As the bus followed the spine of the Pennines, I felt a draw to the landscape and also sense of dread. My time in the North had been tainted from the start with psychological trauma (and a serious physical injury). I remember returning to Manchester in 2009 after spending a month in the States. As we drove through the wet, dark streets of Ashton-Under-Lyne, a severe depression descended, and an immense feeling of dread. This had to do with where we were staying at the time, in Dukinfield, which was Ground Zero for my trauma. I felt a prisoner to northern England and to all the bad memories. Thankfully things got much better after moving to Mossley, my real home-sweet-home in Britain, that quaint storybook village on the edge of the Pennines. Just getting away from red brick made a huge difference to my sanity.

It would be interesting to see what kind of effect the North would have on me after all this time. I have a different perspective on things, and Alaska has pretty much restored any sanity I might have lost. I also have my faith in humanity restored.
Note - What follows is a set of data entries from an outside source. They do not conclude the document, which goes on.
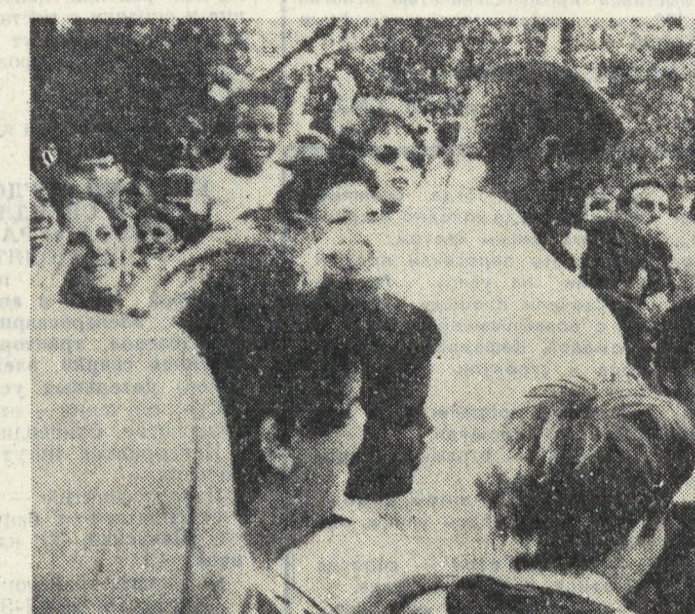
КАРАКАС. Около миллиона детей в возрасте до пяти лет ежегодно умирает в странах Латинской Америки и Карибского бассейна от голода и болезней, средства борьбы с которыми давно уже найдены современной медициной.

ВАШИНГТОН. Многие американские школьники демонстрируют острое неведение в вопросах географии и политики. К такому неутешительному для себя выводу пришли авторы доклада, подготовленного по инициативе ассоциации губернаторов южных штатов США.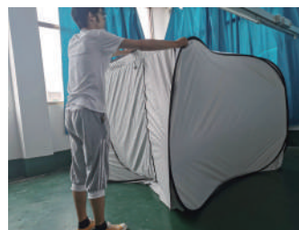
③ 正方形になるように、テントの形を整えます。 ※ねじれや歪みがある場合は手で直してください。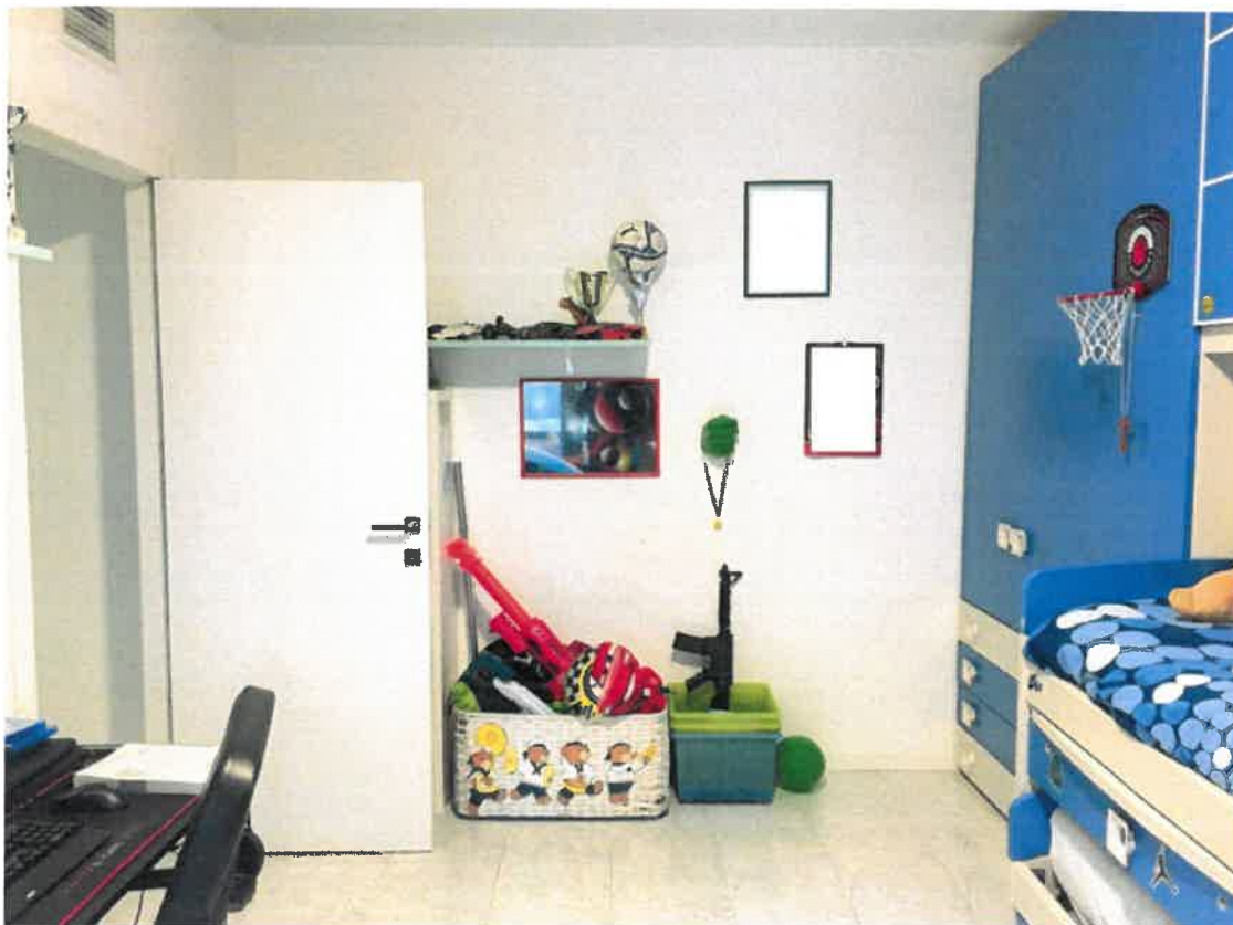
Foto 20 - Camera

For a long time, I felt as if the North had chipped away at me, much like the weathered granite in Bodmin Moor. I was hardened and roughed up. Perhaps I still have an edge of hardness, as it's something I will always carry with me as a souvenir. But being toughed up is a good thing as well; I don't go prancing through life like I once did, thinking that the world was all rainbows and butterflies. Of course, living in Alaska, some of those butterflies and rainbows have returned, so I have a bit of both sides now, which is a balanced way to be.

I can't say how Chris and I spent our final moments together. We stayed a few nights with his sister, Danielle, in Ashton-Under-Lyne. Her little rugrats kept us entertained and exhausted at the same time. Chris had an interview in Manchester and I went for one last visit to Mossley, climbing that impossibly steep hill in order to visit people and places I had come to love.

It was one more goodbye at the airport, as Chris came to see me off. In a history of airport goodbyes, this one was significant, as we didn't know when we would next see each other. I felt confident that we would play our roles successfully, and Chris would receive his Green Card in due time. There was a long journey still ahead of me, and for Chris, who would be navigating the maze of American bureaucracy. But there was a long journey behind us as well. Not just our world travels, but the time we had spent together in Britain. The pubs we had sat in, the drinks we had shared while engaging in hours-long conversations, the nights out in Manchester with friends, the music festivals, the spontaneous vacations in Europe, the road trips, the countless miles traveled together...

We had come so far. And still had so far to go.